Entries provided |
┄┄┄┄┄┄
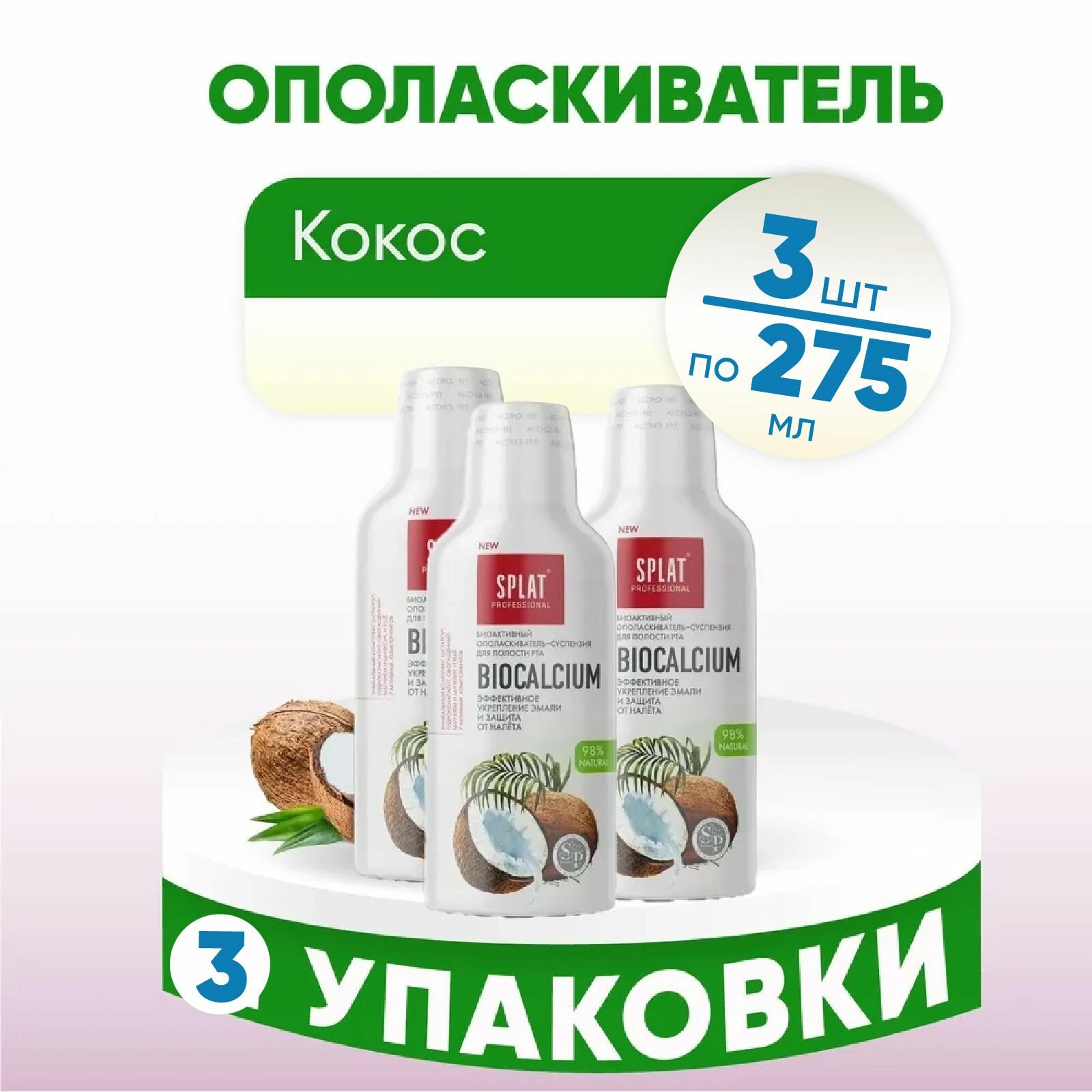 Ополаскиватель для полости рта Splat Biocalcium, 275 мл, 3 шт
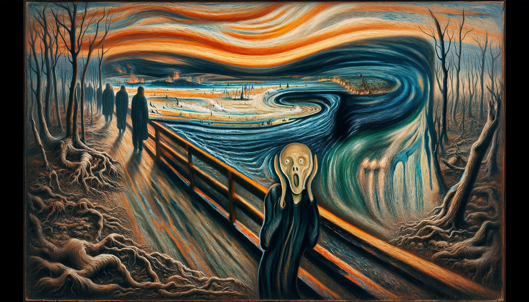 Reinterpret Munch's 'The Scream' to reflect the theme of climate change, with the figure standing before a scene of environmental decay.
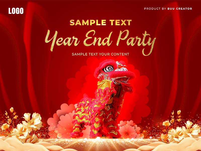 Điểm đặc trưng của template này là thiết kế trang trọng, nổi bật với tông màu đỏ và vàng chủ đạo – màu của may mắn, tài lộc và thịnh vượng – kết hợp hình ảnh linh vật của năm (ví dụ: chú chuột vàng cách điệu), cùng lồng đèn đỏ, pháo hoa và các họa tiết hoa văn truyền thống tinh xảo. Dòng chữ “Chúc mừng năm mới” và các thông điệp ý nghĩa khác được đặt tinh tế, tạo nên một tổng thể hài hòa và thu hút. Nền đỏ được tô điểm bằng các họa tiết vân chìm tinh tế, tạo chiều sâu và sự sang trọng. Mẫu thiết kế này không chỉ đẹp mắt mà còn có không gian rõ ràng để bạn thêm vào thông tin về sự kiện, chương trình khuyến mãi, hoặc lời chúc riêng của doanh nghiệp. Bố cục rõ ràng, dễ đọc, phù hợp để in ấn dưới dạng poster, standee, hoặc sử dụng trên các kênh truyền thông số.
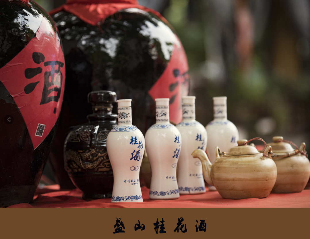 盛山桂花酒:酒色呈琥珀,鲜美透亮,酒性始终,味醇厚、微甜,上口带桂花香,桂花酒四季皆可品饮,它滑过饮者的口舌,激荡着心灵深处的快乐分子。若干时辰过后,雅集散去,但醇厚清远的桂花酒香却长久不散。
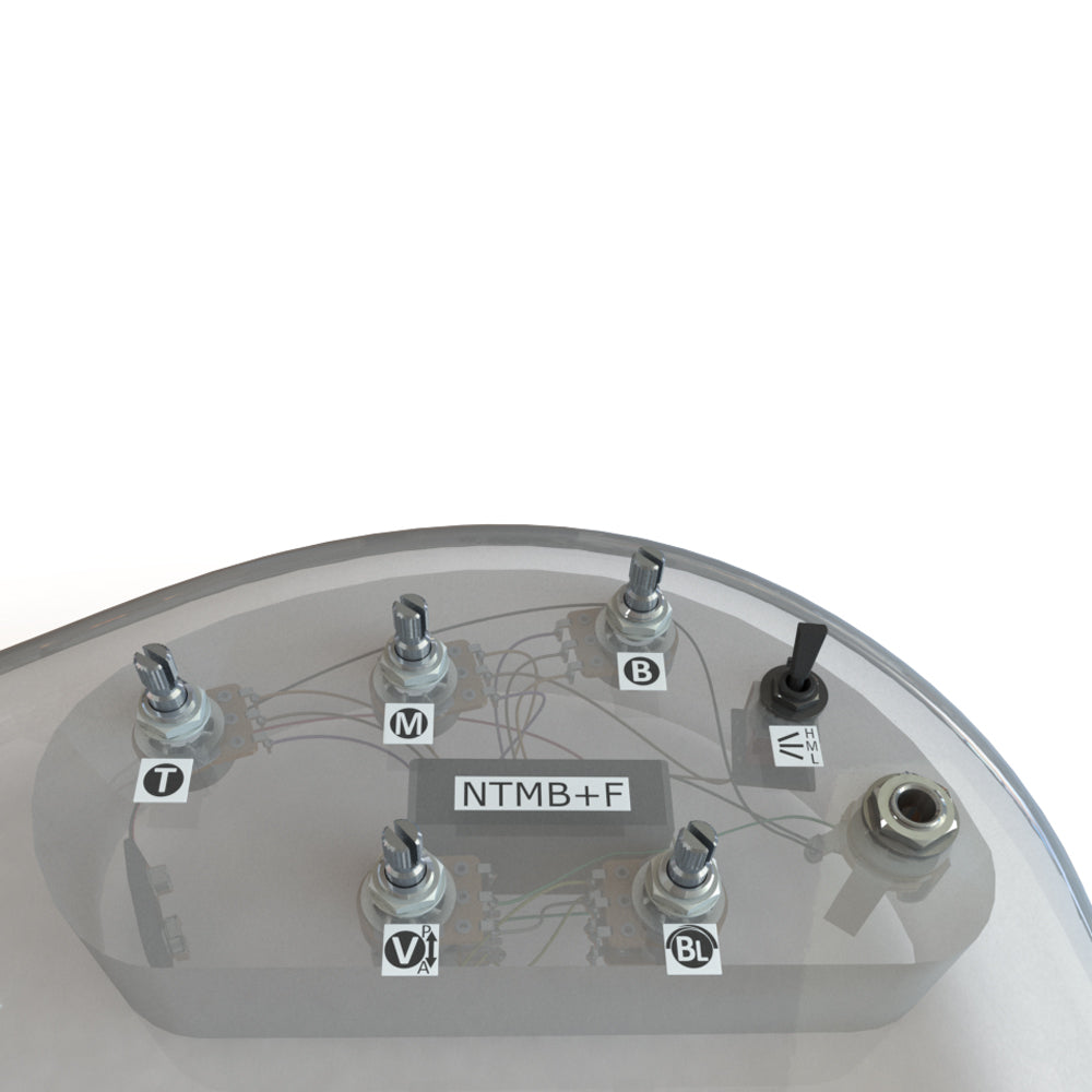 Wired with our NTMB+F pro-level pre-amp and premium audio-quality pots and switches, youll have smooth control and be ready for years of rugged use. We include battery clips and an output jack for quick installation. This configuration has a 3-Band EQ, 5 Pots and 1-Toggle: (Volume with Pull-Bypass Switch) (Blend) (Treble) (Mid) [250,500,800Hz Mid Toggle] (Bass) - Active/Passive.
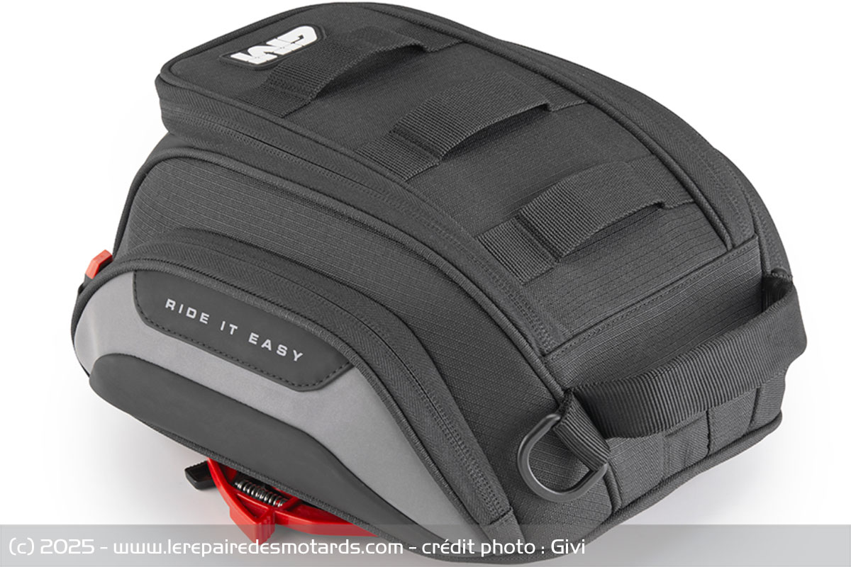 Proposée en noir, la sacoche de réservoir Givi Easy01 Tanklock est vendue 69 euros. Il faut ajouter à cela la bride Tanklock spécifique au réservoir de chaque modèle.
┄┄┄┄┄┄
Task prompt | Return only the lines running from the top of the data to the line that holds "盛山桂花酒:酒色呈琥珀,鲜美". Include both of those lines, but skip the pictures.

Task output |
 Ополаскиватель для полости рта Splat Biocalcium, 275 мл, 3 шт
 Reinterpret Munch's 'The Scream' to reflect the theme of climate change, with the figure standing before a scene of environmental decay.
 Điểm đặc trưng của template này là thiết kế trang trọng, nổi bật với tông màu đỏ và vàng chủ đạo – màu của may mắn, tài lộc và thịnh vượng – kết hợp hình ảnh linh vật của năm (ví dụ: chú chuột vàng cách điệu), cùng lồng đèn đỏ, pháo hoa và các họa tiết hoa văn truyền thống tinh xảo. Dòng chữ “Chúc mừng năm mới” và các thông điệp ý nghĩa khác được đặt tinh tế, tạo nên một tổng thể hài hòa và thu hút. Nền đỏ được tô điểm bằng các họa tiết vân chìm tinh tế, tạo chiều sâu và sự sang trọng. Mẫu thiết kế này không chỉ đẹp mắt mà còn có không gian rõ ràng để bạn thêm vào thông tin về sự kiện, chương trình khuyến mãi, hoặc lời chúc riêng của doanh nghiệp. Bố cục rõ ràng, dễ đọc, phù hợp để in ấn dưới dạng poster, standee, hoặc sử dụng trên các kênh truyền thông số.
 盛山桂花酒:酒色呈琥珀,鲜美透亮,酒性始终,味醇厚、微甜,上口带桂花香,桂花酒四季皆可品饮,它滑过饮者的口舌,激荡着心灵深处的快乐分子。若干时辰过后,雅集散去,但醇厚清远的桂花酒香却长久不散。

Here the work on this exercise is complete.